Secret Avengers #28: Set just a little bit before the events of this week's AvX, Secret Avengers #28 takes place on the Kree homeworld of Hala, the rampaging Phoenix Force's first target. Unfortunately, the team of Avengers sent to stop the Phoenix before it gets to Earth has mostly failed, either torn apart by the Force or imprisoned by misguided Kree zealots. It looks like only Ms. Marvel can hope to stop the Phoenix now, but is she up to the challenge? Honestly, next to this week's AvX, Secret Avengers is kind of a let-down, but there are some great character moments here, especially for the aforementioned Ms. Marvel, who, HEY, is getting her own series later this month! Also, Renato Guedes, Matthew Wilson, and Jeremy Mohler do a great job with the art.
Unwritten #38: The world's changing: a creepy Cult of Tommy worships an author who they believe to be a "superhero Gandhi Jesus," and, perhaps more alarmingly, stories are starting to disappear from the world. How does that even work? No doubt the quasi-magical Tom Taylor has something to do with it, but he's too busy touring the world like a superstar to notice.
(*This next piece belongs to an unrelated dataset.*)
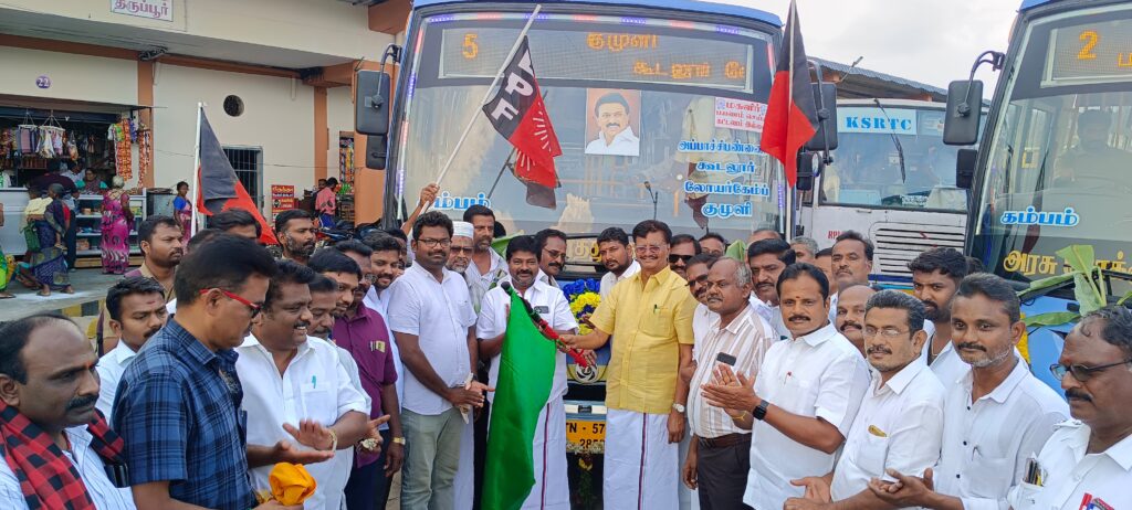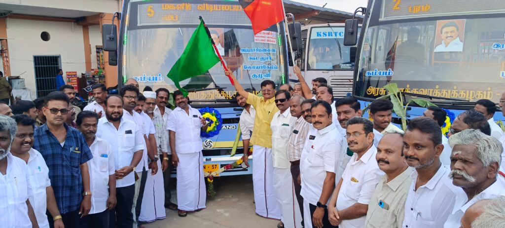 எம்எல்ஏ ராமகிருஷ்ணன் இதுகுறித்து துறை அமைச்சரிடம் மக்களின் கோரிக்கையை வைத்தார். இதை அடுத்து இந்த இரு வழி தடத்திற்கும் “மகளிர் விடியல் பயணம்” என்ற பெண்களுக்கான இலவச பயணம் செய்யும் புதிய பேருந்துகள் வழங்கப்பட்டது. இந்த புதிய பேருந்துகள் வழித்தடத்தில் இயக்கப்படும் நிகழ்வு கம்பம் புது பேருந்து நிலையத்தில் நடைபெற்றது. கம்பம் எம்எல்ஏ ராமகிருஷ்ணன் கொடி அசைத்து புதிய பேருந்துகளை வழித்தடத்தில் இயக்கி வைத்தார்.

The Unwritten has definitely entered new territory in the last few issues; no longer does the book feature Tom's fight for survival... but then why do things seem so bleak? It's tough to describe such a complicated story in a short space, but if you find yourself thinking about stories a lot—not just what's in them, but what the act of telling a story means—you can't pass up this book. Big things are happening here.